I am using these two functions for my Bullet scene right now:
func head_to(dest : Vector3, speed : float) -> void:
velocity = speed
var dv : Vector3 = dest - global_position
var d : float = sqrt( dv.x*dv.x + dv.y*dv.y + dv.z*dv.z )
velocity_vector.x = dv.x/d * velocity
velocity_vector.y = dv.y/d * velocity
velocity_vector.z = dv.z/d * velocity
look_at_from_position( global_position , dest )
func _physics_process(delta: float) -> void:
global_position += velocity_vector*delta
In this case, point A will be the global_position of the Bullet, and it will travel to point B (the parameter dest) at speed of parameter speed.

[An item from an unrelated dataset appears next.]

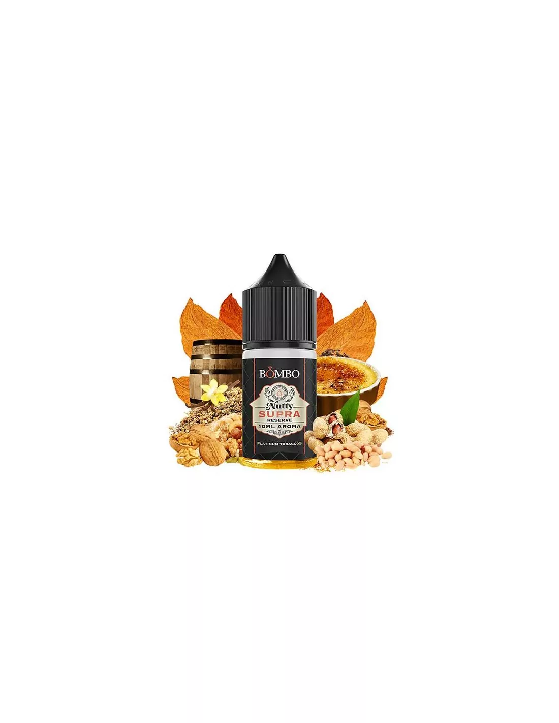 Nutty Supra Reserve de Bombo es la reinterpretación gourmet del premiado Supra Reserve, distinguido como Mejor Tabaquil en Vapexpo 2022. Este aroma longfill combina tabaco dulce, caramelo y notas tostadas con una cremosa fusión de frutos secos que aporta cuerpo, suavidad y complejidad aromática, ahora disponible en formatos 30ml, 60ml y 120ml.

We will calculate for the velocity_vector and apply delta in _physics_process. All of these are working validly already.
But I would like to add one more thing: deviation. I know point A and point B but the gun could have a bad deviation and when you shoot it, the bullet could have a randomized deviation angle of -5 to 5 degrees for every Bullet, for example. So how could this be accomplished mathematically?
NOTE: adding extra randomized x,y,z values on dest is NOT what I am looking for. I would like to be able to control the exact range of deviation angle of the bullet being shot.
How this works is that the initial shooting_direction vector (Vector3.FORWARD) is rotated horizontally within the ± max_angle_deviation restrictions around a random axis calculated with the random_rotation angle.
The rest of the code is just boiler plate code for the demo video.
You might still need to adjust it to fit your project, but maybe this will nudge you into the correct direction.
Thank you for this, but unfortunately, I am not using RigidBody3D for performance reasons. All of my bullets are Area3D, so apply_impulse does not exist in that class. This is why I am moving all those Bullets myself in _physics_process .
Do you appear to know the math for applying the deviation into the velocity_vector for above?
My code should be universally applicable regardless if you use RigidBody3D, or any other Node, just reuse this part to calculate the shooting_direction_with_deviation vector and apply it to your bullet.
var shooting_direction: Vector3 = Vector3.FORWARD
var max_angle_deviation: float = 5.0
func shoot() -> void:
var horizontal_angle_deviation = randf_range(-deg_to_rad(max_angle_deviation), deg_to_rad(max_angle_deviation))
var random_rotation = randf_range(0.0, TAU)
var shooting_direction_with_deviation = shooting_direction.rotated(Vector3.UP.rotated(Vector3.BACK, random_rotation), horizontal_angle_deviation).normalized()
In your code I think you can implement it as follow, but without knowing your full scene structure I’m not 100% sure this will work correctly. If there are any issues with this, let me know and we can try to debug.
A side note - using Area3D and changing the global_position directly might not be the best idea for managing bullets, because if your bullet is flying fast enough or your game lags for a second, it may miss the target by simply teleporting behind the target without registering collision.
I would still recommend you to use RigidBody3D, or CharacterBody3D, as these have tools that can ensure the collision is registered.
Your code on random deviation does indeed work. Thank you
Regarding the game lagging, I did consider that too. This is why I am using _physics_process function which runs every 16 ms instead of _process. I have tried spawning multiple bullets against a single target on both 1000 fps and 10 fps , and I see that for both cases, no bullets went through the target.
In fact, I used to ask this question before here: Can objects "go through" walls in a very low framerate? , and I already got my answer, but at the same time, while RigidBody is recommended for this case, this statement here from my link is a bit of a concern:
CastRay will use a raycast to detect passthorugh.
And Cast Shape will use a shapecast that is more precise, but much more expensive
I didn’t do a thorough measurement yet. (1000 RigidBody3D bullets VS 1000 Area3D bullets) But at this moment, I am thinking using Area3D with _physics_process above should be computationally less expensive than RigidBody3D. Or do you have an experience you would like to share?
But do you need this performance? In general, you shouldn’t try to optimize the game if you don’t need to.
I couldn’t argue with you if you said “rigidbodies lagged my game too much, so I decided to use areas instead”.
But here, if you decided to use areas without having issues with rigidbodies in the first place, I’d say this might have been a bad call. It’s because this decision while maybe having a slight improvement of performance (which you have not measured, and I would guess there is no visible difference in performance), it has its own additional drawbacks, which you need to take into consideration now.